From the listing below, reproduce exactly the lines starting with the one with "Built in the" and going on through the one with "雇用前チェックリストは10項目で確認 | 5分 |", both ends kept. No picture is copied.

• _Given material_

|---|

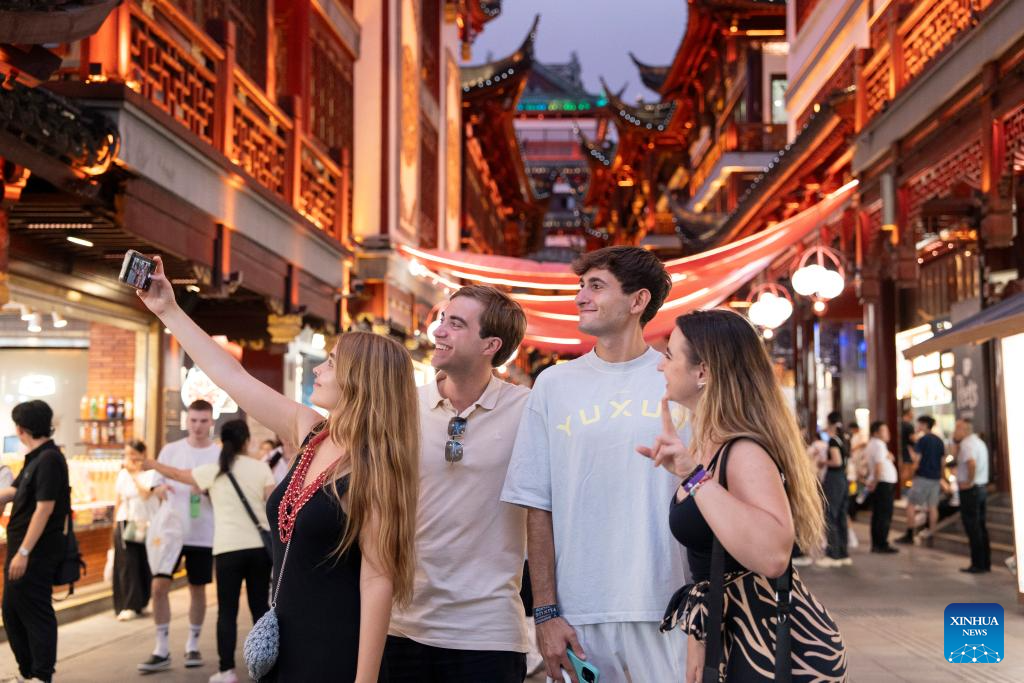 Tourists from Spain take a selfie at Yuyuan Garden Mall in Shanghai, east China, July 21, 2025. (Photo: Xinhua)
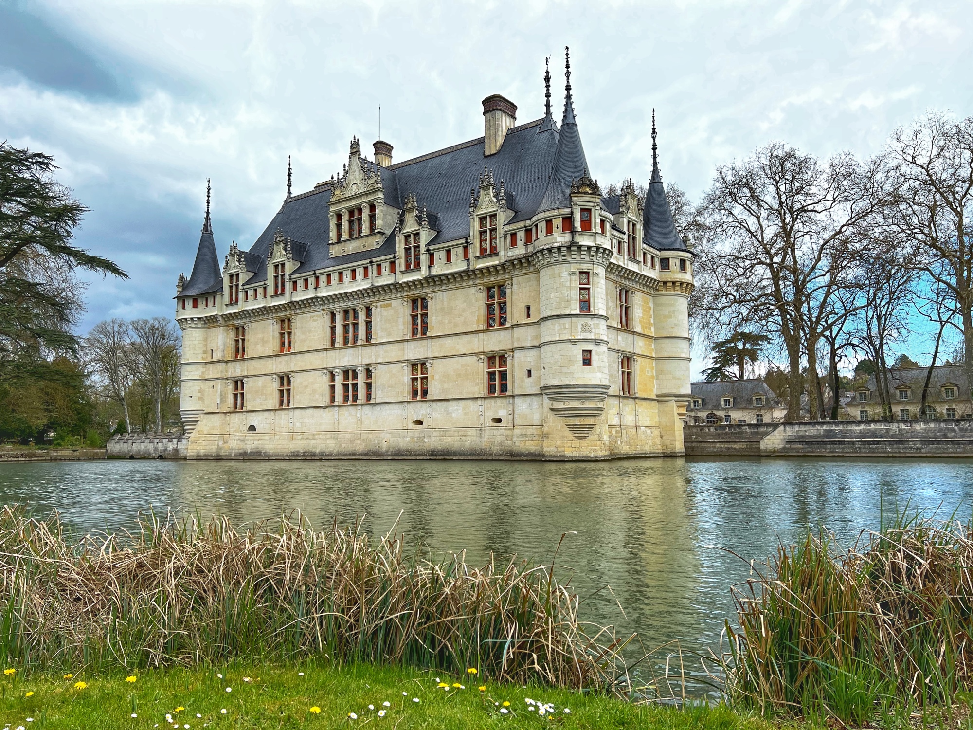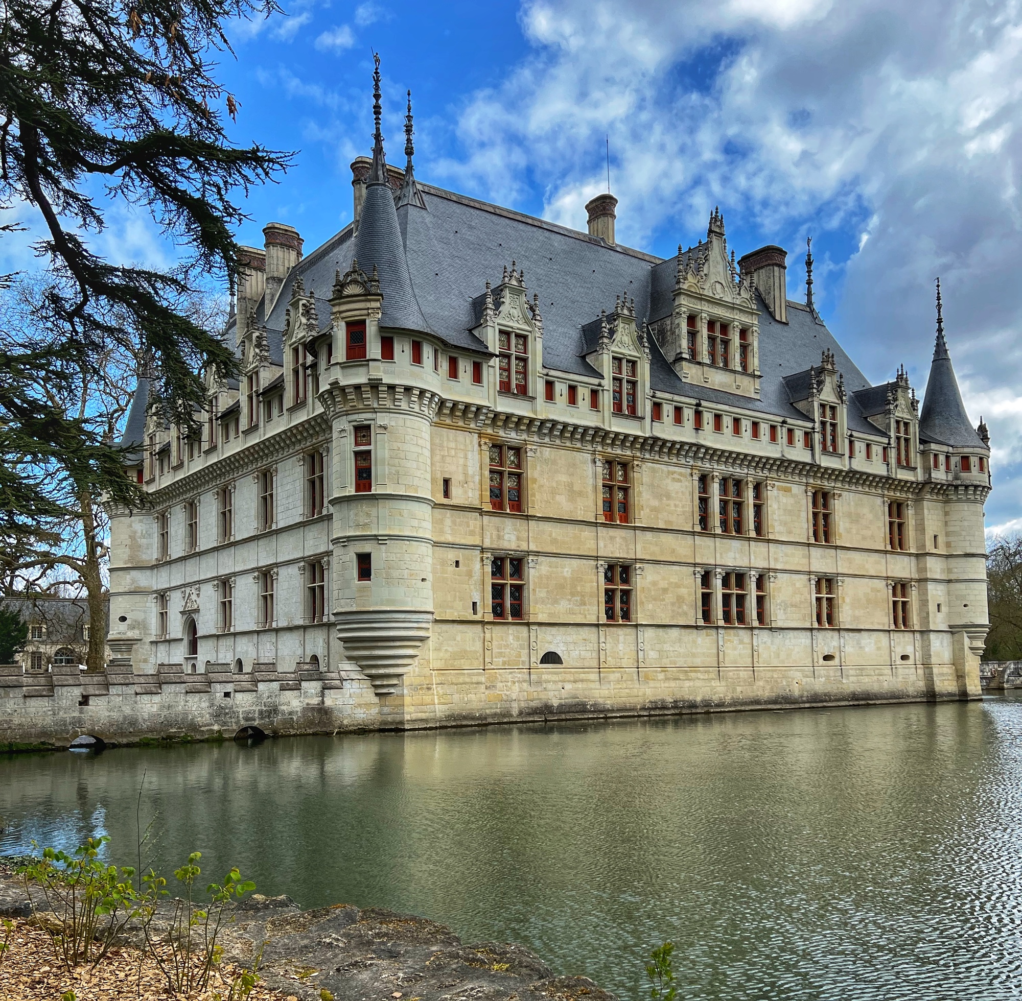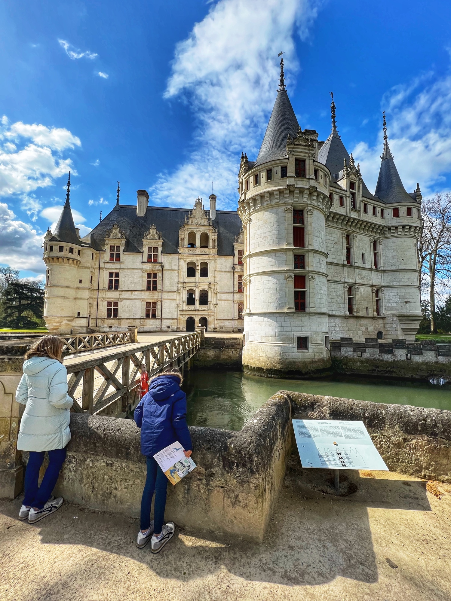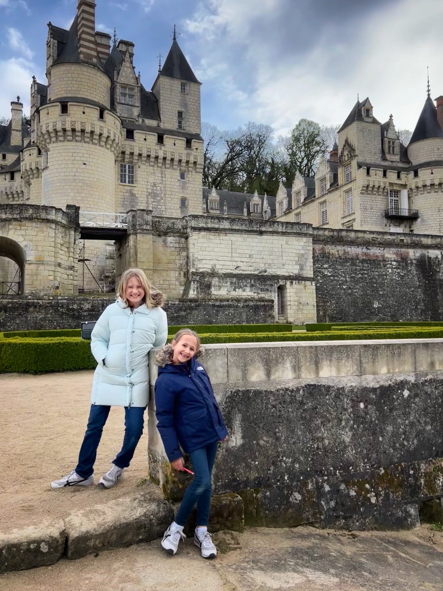 Built in the early 1500’s, Azay-le-Rideau is a Rennaissance marvel. With Italian and Flemmish influences (I noticed this right away, given how similar it looks to many Belgian castles I have seen), it has been well preserved by the French government since the turn of the 20th century. We loved being able to tour all the areas of the château and solve the riddles in the French children’s book together. Although they are not offering the audio guide right now due to covid, the girls loved the thick kid’s booklet and we learned a lot from the pamphlet as well.
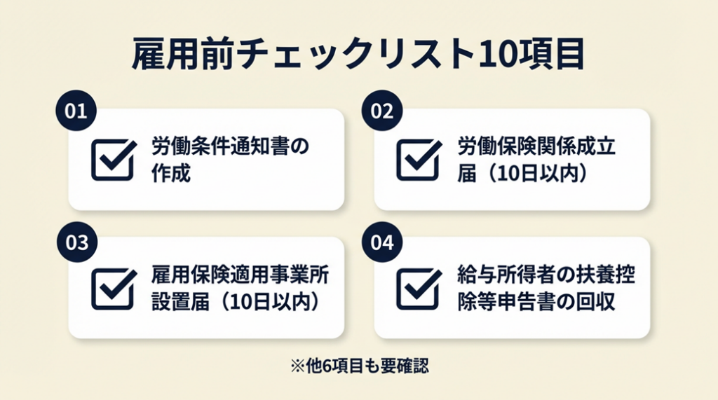 | 採用前に確認すべき項目を一括チェック | 雇用前チェックリストは10項目で確認 | 5分 |
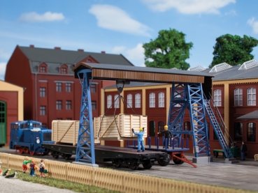 Unser Vorbild wurde von Aue nach Oberwiesenthal zur Fichtelbergbahn umgesetzt. Er dient zum Be- und Entladen von Gütern und auch zum Heben und Verladen der Schlacke. Die Laufkatze ist beweglich. Bei Gleisen mit Bettung, Höhe durch Unterbau ausgleichen. Lichte Durchfahrtshöhe ohne Gleis 75 mm Lichte Durchfahrtsbreite 112 mm

|---|

• _Response to this task_
 Built in the early 1500’s, Azay-le-Rideau is a Rennaissance marvel. With Italian and Flemmish influences (I noticed this right away, given how similar it looks to many Belgian castles I have seen), it has been well preserved by the French government since the turn of the 20th century. We loved being able to tour all the areas of the château and solve the riddles in the French children’s book together. Although they are not offering the audio guide right now due to covid, the girls loved the thick kid’s booklet and we learned a lot from the pamphlet as well.
 | 採用前に確認すべき項目を一括チェック | 雇用前チェックリストは10項目で確認 | 5分 |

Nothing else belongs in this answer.